==== Material for this exercise ====

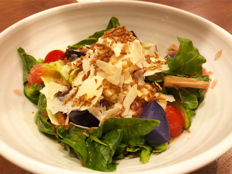 サラダは、色々な種類の野菜が入っていて、名前の通りパワーが出ます!こちら4人盛りです。
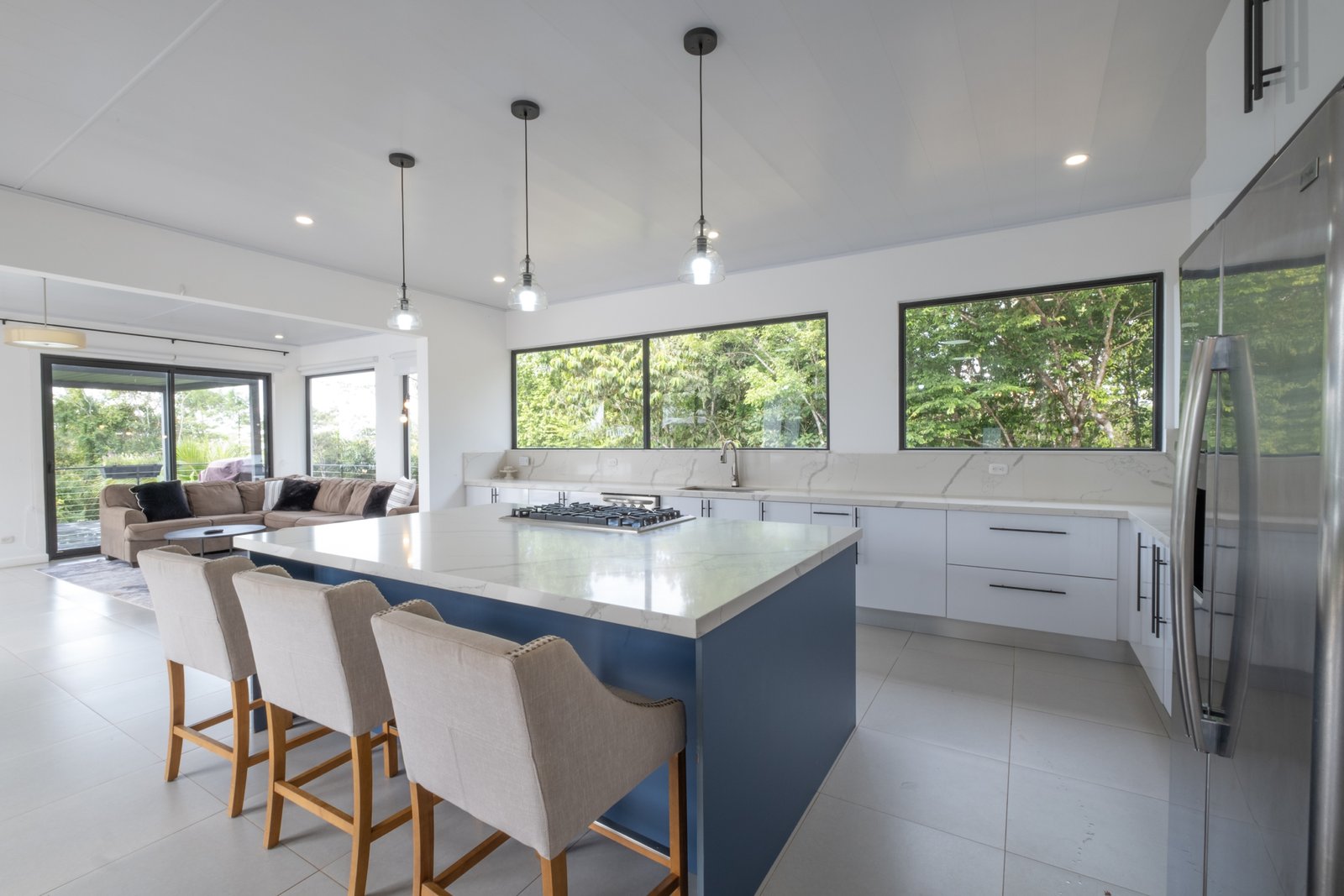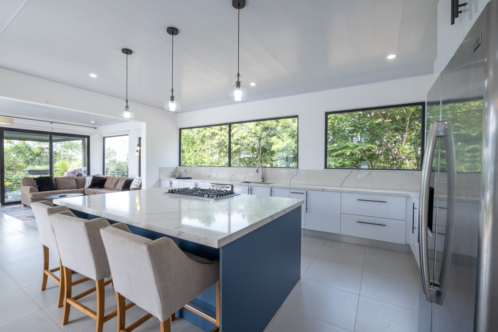 The home features 4 spacious bedrooms and 3 bathrooms, with soaring high ceilings and an open-concept layout that enhances natural light and airflow throughout. The modern contemporary design blends clean architectural lines with warm finishes, creating a comfortable yet sophisticated atmosphere.
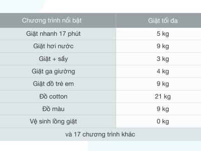 Khối lượng giặt khủng lên đến 21 kg, sấy 12 kg thoải mái giặt, sấy mùng mền, số lượng lớn quần áo cho những gia đình có trên 7 thành viên hoặc các hoạt động kinh doanh như: khách sạn, giặt ủi, nhà máy,…
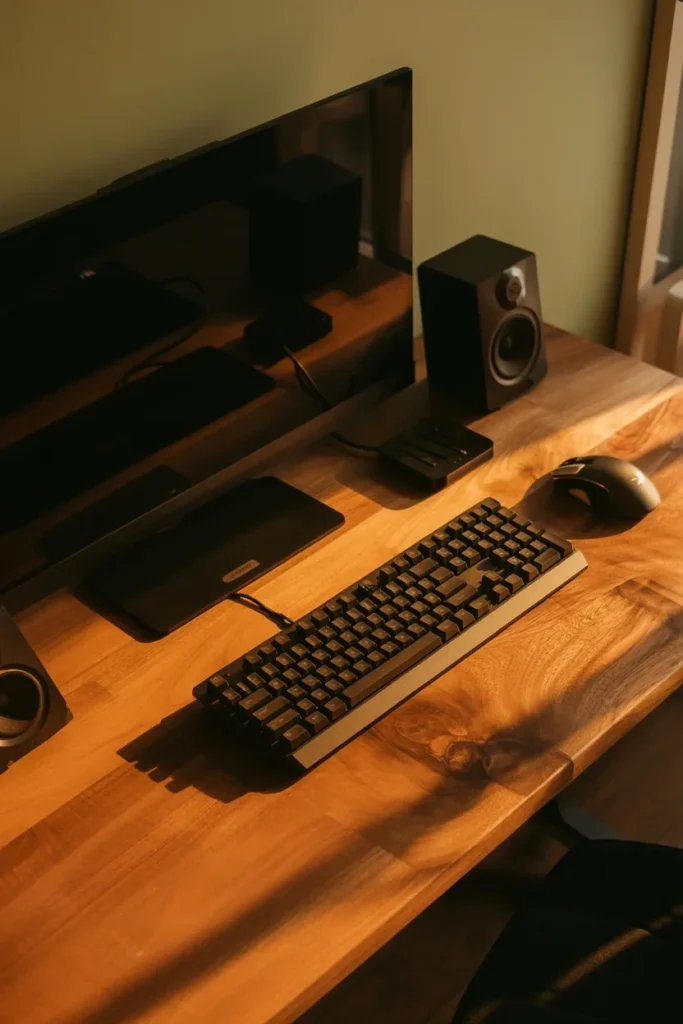 Think about it. A walnut or oak desk surface instantly brings personality to the space. Then you add a black monitor arm, black desk mat, and black speakers, and suddenly the whole setup feels grounded. Not flashy. Not chaotic. Just solid.
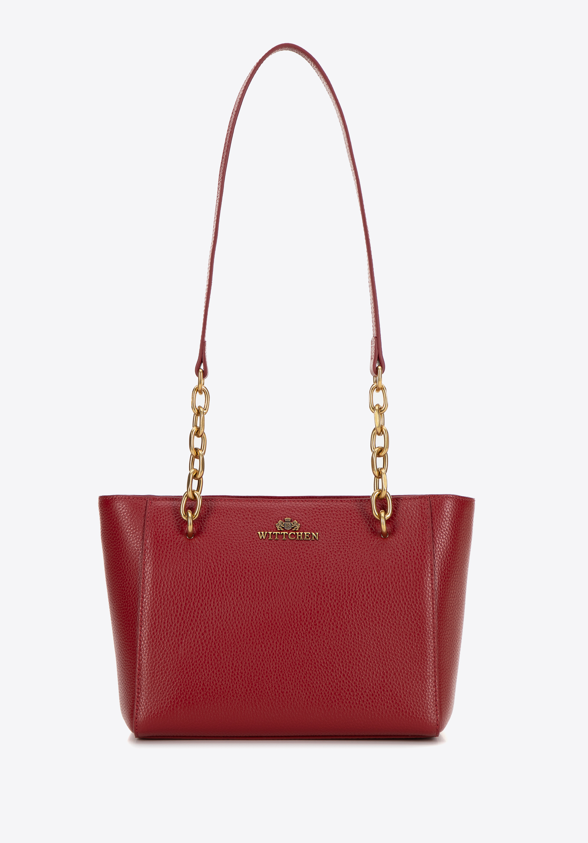 Táto dámska kabelka vyrobená z vysoko kvalitnej prírodnej kože je dokonalou voľbou pre ženu, ktorá oceňuje eleganciu a praktickosť. Decentné logo na prednej strane dodáva nádych luxusu, zatiaľ čo robustné zapínanie na zips zaisťuje bezpečnosť vašich vecí. Dve retiazkové rúčky nielen zvýrazňujú jeho štýl, ale ponúkajú aj pohodlie pri nosení na ramene alebo v ruke.

====

What needs to be done
Every record, word for word, should be given back without its pictures.

Task result
 サラダは、色々な種類の野菜が入っていて、名前の通りパワーが出ます!こちら4人盛りです。
 The home features 4 spacious bedrooms and 3 bathrooms, with soaring high ceilings and an open-concept layout that enhances natural light and airflow throughout. The modern contemporary design blends clean architectural lines with warm finishes, creating a comfortable yet sophisticated atmosphere.
 Khối lượng giặt khủng lên đến 21 kg, sấy 12 kg thoải mái giặt, sấy mùng mền, số lượng lớn quần áo cho những gia đình có trên 7 thành viên hoặc các hoạt động kinh doanh như: khách sạn, giặt ủi, nhà máy,…
 Think about it. A walnut or oak desk surface instantly brings personality to the space. Then you add a black monitor arm, black desk mat, and black speakers, and suddenly the whole setup feels grounded. Not flashy. Not chaotic. Just solid.
 Táto dámska kabelka vyrobená z vysoko kvalitnej prírodnej kože je dokonalou voľbou pre ženu, ktorá oceňuje eleganciu a praktickosť. Decentné logo na prednej strane dodáva nádych luxusu, zatiaľ čo robustné zapínanie na zips zaisťuje bezpečnosť vašich vecí. Dve retiazkové rúčky nielen zvýrazňujú jeho štýl, ale ponúkajú aj pohodlie pri nosení na ramene alebo v ruke.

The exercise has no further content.